I did it using option 2. I started to debug the decryption routine while I saw the code that it was deciphering. At one point I saw the beginning of a PE file, because I saw it’s magic number 0x4D 0x5A (MZ):
At this moment I began to be clear about what it was doing, first find the “explorer.exe” process and then inject a code that was composed for a routine of coding plus a PE file, and then look if it was an executable or a .dll library
Knowing that it injected this PE file, what I did was a dump with the OllyDBG of the original file, once realized the whole routine of the deciphered, so I have the original, plus the decrypted PE file.
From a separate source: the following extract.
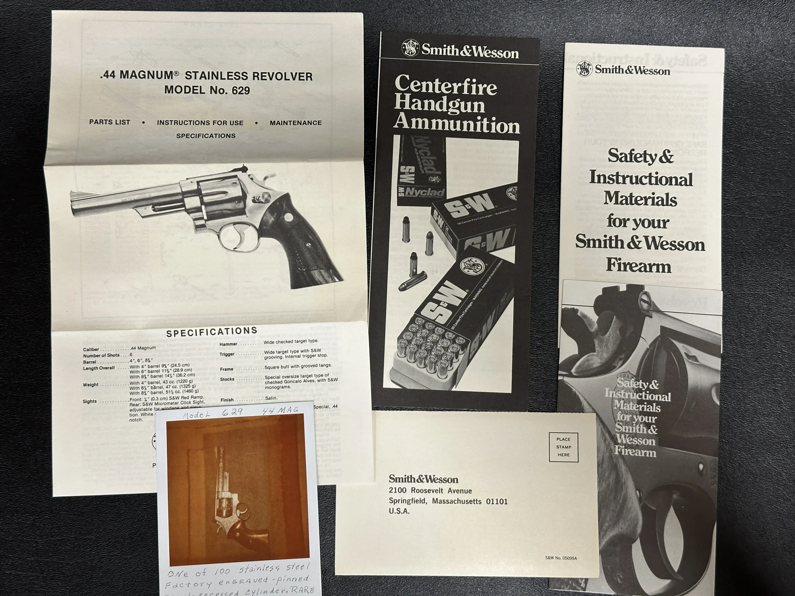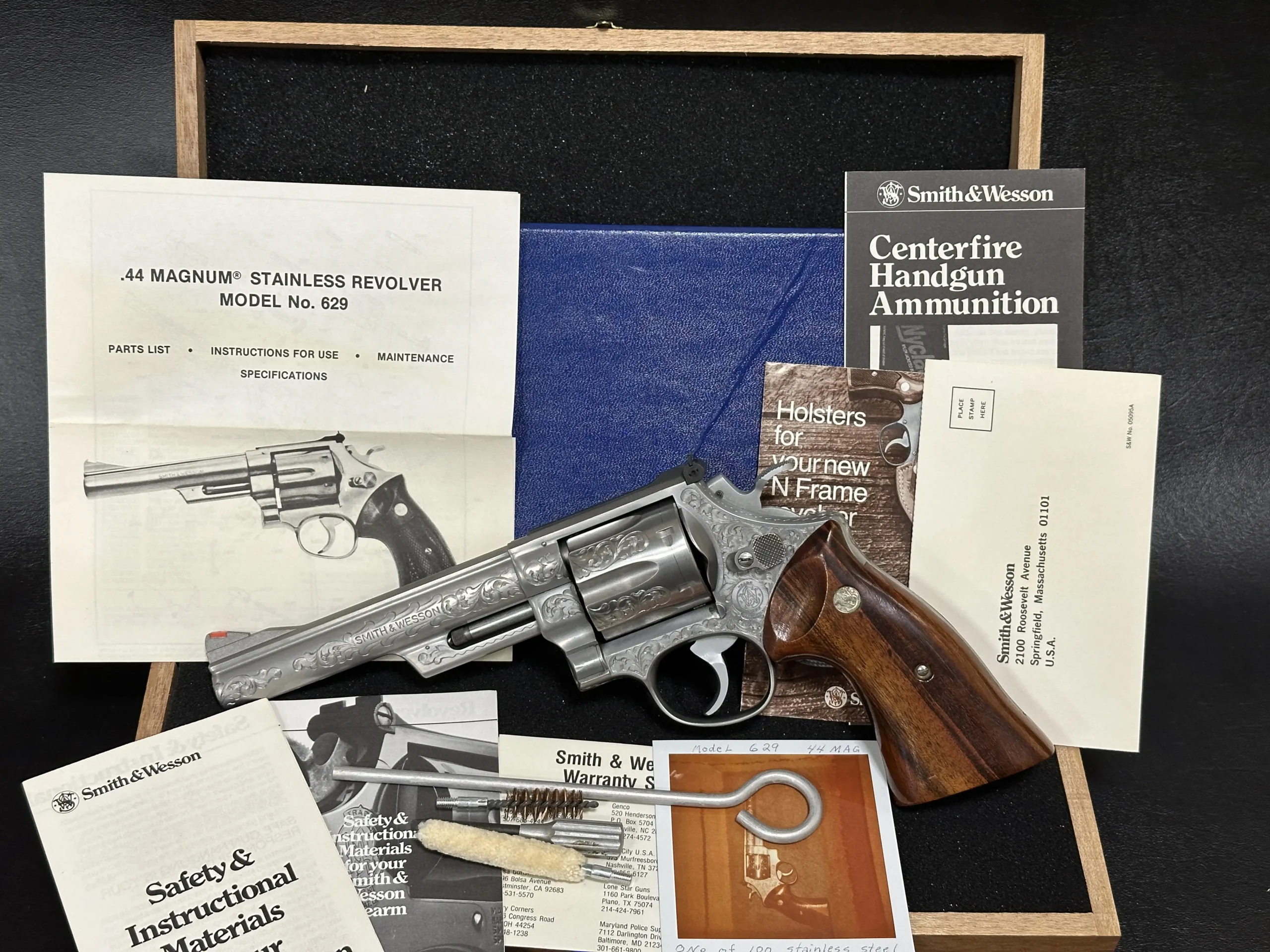 A 1980 Smith & Wesson Model 629 with factory engraving, presented with its original accessories and case. This early production stainless steel revolver features a pinned barrel and counterbored cylinder, along with a fixed orange ramp front sight, adjustable rear sight, and a matted top strap and rib.
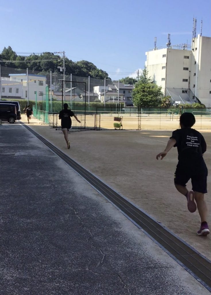 本日の短距離はアップ後100mRun+100mJogでした。ここ最近は他のメニューとの兼ね合いで100mRun+100mJogを3本で行うことが多かったのですが、本日は5本といつもより多い本数で行いました。それに加え、夏のじりじりと照りつける太陽に、じわじわと体力を削られます。そのせいか100mRun+100mJogが終わったあと、選手たちは普段より少し疲れた様子でした。それでも自身の状態やフォームの確認をしながら走ることができたのではないでしょうか。

The next step would be to extract a PE file from the executable. This I did with Hiew:
When I had the PE file injected into an executable, the next thing I did was to make a static analysis with IDA Pro
The first thing that you see when you open the file with IDA Pro is that it was a .dll library as we showed the DllMain() function.
Another interesting function contained in this library was «URLDownloadToFileA», which meant that a file is download from Internet.
Analyzing the file statically you could see that firstly it was obtaining the name of the local host using the «GetComputerNameA» and comparing it to the string «NULLCON2014». If it matched with this string, continued executing actions, else, it ended:
If the name was correct «NULLCON2014», the following thing that it was doing was getting the current system date by calling «GetSystemTime». Then it made comparisons to see if the date was 03/03/2033:
Depending on whether the date was correct (03-03-2033) or not, it make the request to a specific URL or another.
If the date was incorrect the request was make to:
- http://ctf.nullcon.net/NaN.php
However, if the date was correct it make the request to the url that you returned the flag to get this challenge successfully:
- http://ctf.nullcon.net/data/2014/rev/APT31337.php
For these requests to be successful they had to be performed by a correct «User-Agent»:
Finally, we can see that the Flag is MACHETE_HACKS_YOU!